The code is built upon chemprop-v1 and descriptastorus. The required versions are provided in this repository. All credit for the chemprop and descriptastorus packages goes to their respective authors. Our models needs the following requirements:
- python 3.9
- pytorch 1.10.1
- rdkit 2023.03.3
- numpy 1.23.1
- pandas 1.4.3
The full list of requirements can be found in the
requirements.txt
file. The code was tested on Ubuntu 20.04.3 LTS.
- install conda/miniconda (https://docs.conda.io/projects/conda/en/latest/user-guide/install/index.html)
- create a new conda environment:
conda create -n nf10k python=3.9
- activate the environment:
conda activate nf10k
- install the required packages:
pip install -r requirements.txt
The installation process (without conda/miniconda) will take around ~5 minutes.
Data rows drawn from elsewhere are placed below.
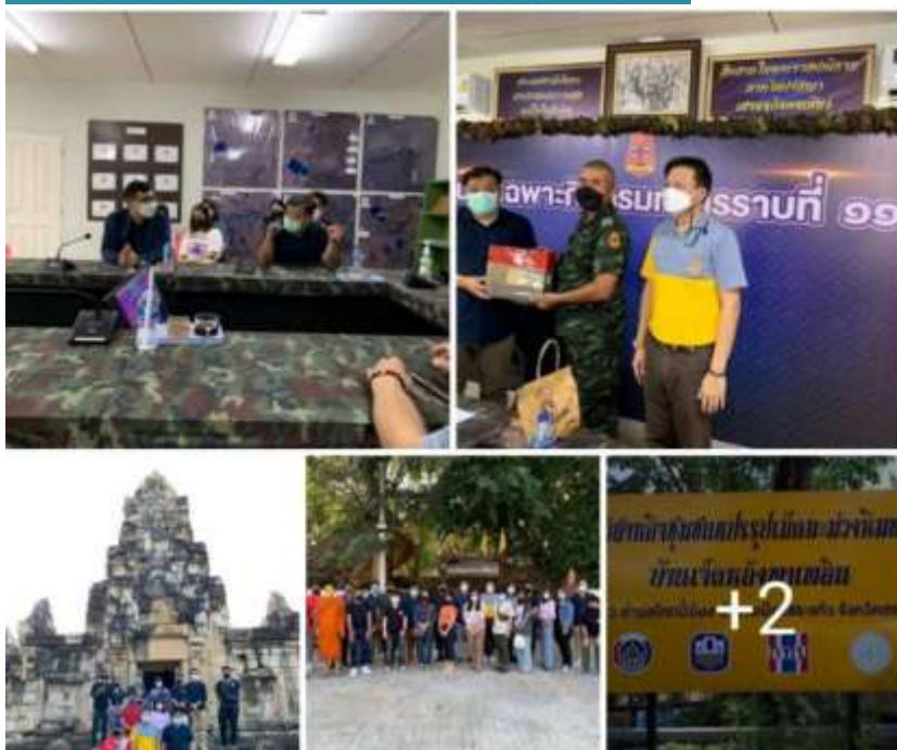
ภาพที่ ๑๖ กิจกรรมเสริมหลักสูตร: การลงพื้นที่ฝึกประสบการณ์เก็บข้อมูลวิจัยของนิสิตหลักสูตร รม. (ยุทธศาสตร์และความมั่นคง) ณ หน่วยเฉพาะกิจ กรมทหารราบที่ ๑๑๑ อำเภอตาพระยา และวิสาหกิจชุมชนบ้านเจ็ดหลัง จังหวัดสระแก้ว ระหว่างวันที่ ๒๙- ๓๐ มกราคม พ.ศ. ๒๕๖๕
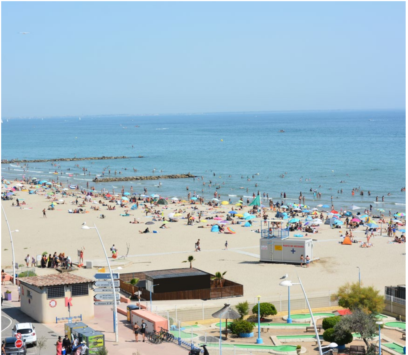
Plage centre

Nous trouverons une solution. Les lagunes sont une nurserie pour les poissons juvéniles. Supprimer les étangs reviendrait à supprimer les poissons. C'est l'une des raisons pour lesquelles nous travaillons à la protection des étangs.
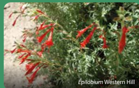
Epilobium Western Hill
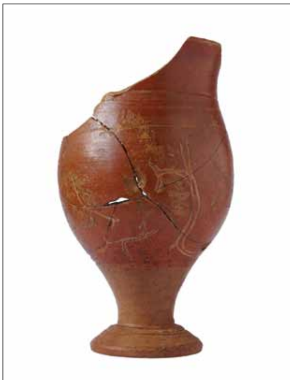
Sl. 3. Skif s motivom lova iz Grobnice 1 Nukleusa 2 (Centar za kulturu Vela Luka, snimak: I. Kolovrat) / Fig. 3. Skyphos with a hunting scene from the Tomb 1 of Nucleus 2 (Culture center, Vela Luka, photo: I. Kolovrat)
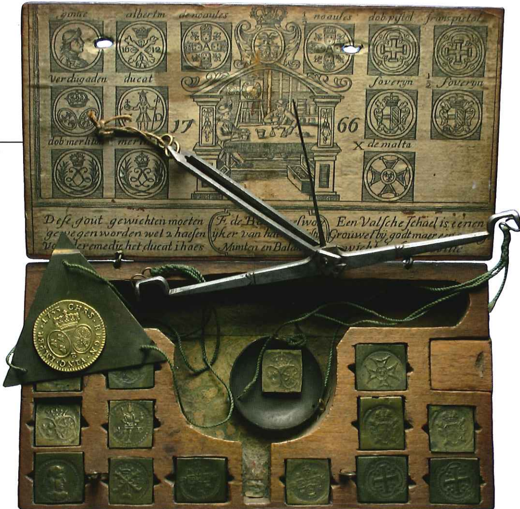
30 — Muntgewichtdoos, in 1766 gemaakt door F. de Batist te Antwerpen [Geldmuseum Utrecht, inv.nr. NV-03375], met op de balans een Franse gouden louis uit 1733: een louis d'or aux lunettes ofwel vertugadin . [Geldmuseum Utrecht, coll. DNB]

ecu's die bij hem waren gestolen te licht waren, terwijl de louis d'or die was ontvreemd nog stempelglans had. 53
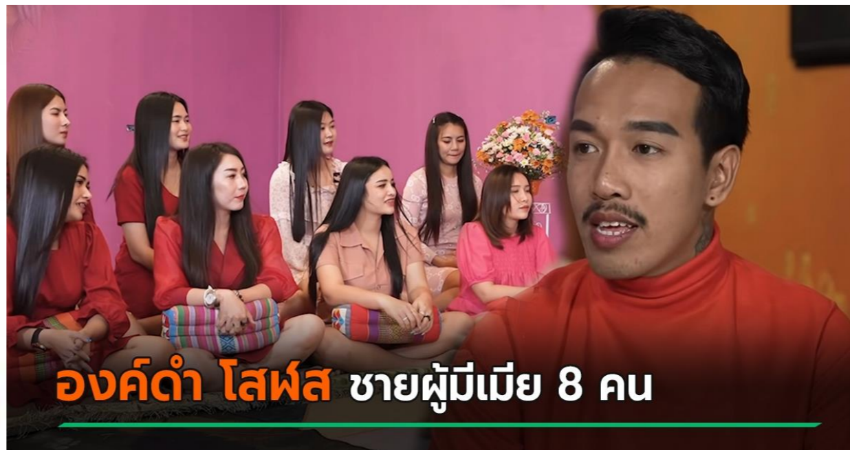
องค์ดำ โสฬส ชายผู้มีเมีย 8 คน

“สามีเป็นช้างเท้าหน้า ภรรยาเป็นช้างเท้าหลัง” หมายถึง สามีคือผู้นำครอบครัว ภรรยาคือผู้ตามที่ดี
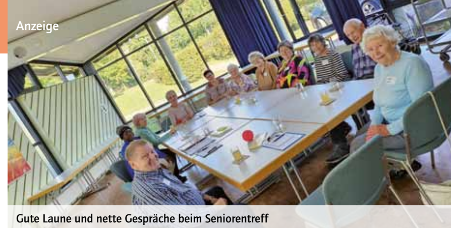
Gute Laune und nette Gespräche beim Seniorentreff
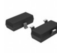
11LC161T-E/TT Microchip Technology IC EEPROM 16KBIT 100KHZ SOT23-3
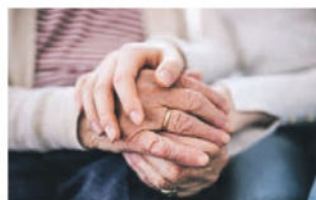
Es ist keine Anmeldung notwendig. Der Anlass ist kostenlos. Eine Kollekte wird aufgestellt. Wir freuen uns über eine rege Teilnahme.

Ein Themenkreisvortrag dauert 20 Minuten mit 10-minütiger Fragerunde. Nach zwei Vorträgen findet eine Pause statt. Am anschliessenden Apéro stehen die Expertinnen und der Experte für weitere Fragen und Gespräche in lockerer Atmosphäre zur Verfügung (Thementische).
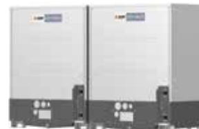
PQHY-P400YSLM-A1 PQHY-P450YSLM-A1 PQHY-P500YSLM-A1 PQHY-P550YSLM-A1 PQHY-P600YSLM-A1
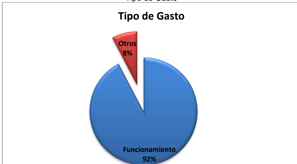
Gráfica No. 2 Tipo de Gasto

Fuente: Sistema de Rendición de Cuentas en Línea –RCL Elaboró: Dirección Técnica de Infraestructura Física
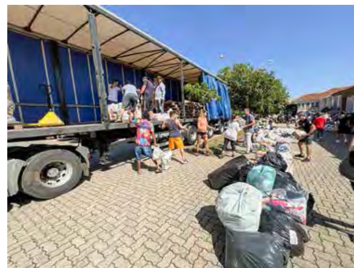
Diocese enviou 92 toneladas de donativos para o Rio Grande do Sul

Os produtos partiram em três carretas e um caminhão truck que foram carregados por uma legião de voluntários que se mobilizaram para ajudar milhares de famílias gaúchas neste momento de necessidade. Uma das carretas, com 32 toneladas de doações, foi para a região de Venâncio Aires e Marriante. Outras duas seguiram com destino às cidades da Arquidiocese de Porto Alegre (25 toneladas) e São Sebastião do Caí (20 toneladas). O
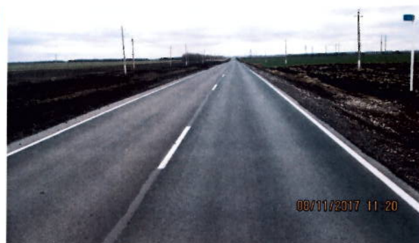
после проведения работ

В 2017 году в рамках заключенного государственного контракта на ремонт автодорог проведены работы по ремонту дорожного покрытия методом «карт» в районе с. Александровка – ст. Якушка протяженностью 2,0 км на сумму 23,2 млн. рублей.

Solute rejection prediction can be made by running the prediction.py
script. The script requires the following arguments:
--smiles <"SMILES string of the molecule">
--membrane <membrane>
the script only accepts:DM300, GMT-oNF-2, PBI, NF90, PMS600, SM122, NF270
--solvent <solvent_name>
the script only accepts:Water, Toluene, "Methyl tetrahydrofuran", Methanol, Ethanol, "Dimethyl formamide", Acetonitrile, Acetone, "Ethyl acetate"
--configuration <configuration>
the script only accepts:OSN, "Loose NF", NF
For example, to predict the rejection of paracematol in methanol in Duramem 300 membrane, run this command:python prediction.py --smiles "CC(=O)Oc1ccccc1C(=O)O" --membrane DM300 --solvent Methanol --configuration OSN
Expected output:{'smiles': 'CC(=O)Oc1ccccc1C(=O)O', 'membrane': 'DM300', 'solvent': 'Methanol', 'configuration': 'OSN', 'rejection': 0.841'}
where the rejection is the predicted rejection of the molecule in the given conditions. There is alsouser_predictions.csv
file that contains the predictions of the last run. Re-running the script will overwrite the previous results. A single-solute run takes around ~10 seconds to finish.
The results of the paper can be recreated by running the run_paper_predictions.py
script. The script will run the predictions for all the molecules. The results will be saved in the results/paper_predictions.csv
. The script takes between 2-5 minutes to finish.
This code is released under the MIT License.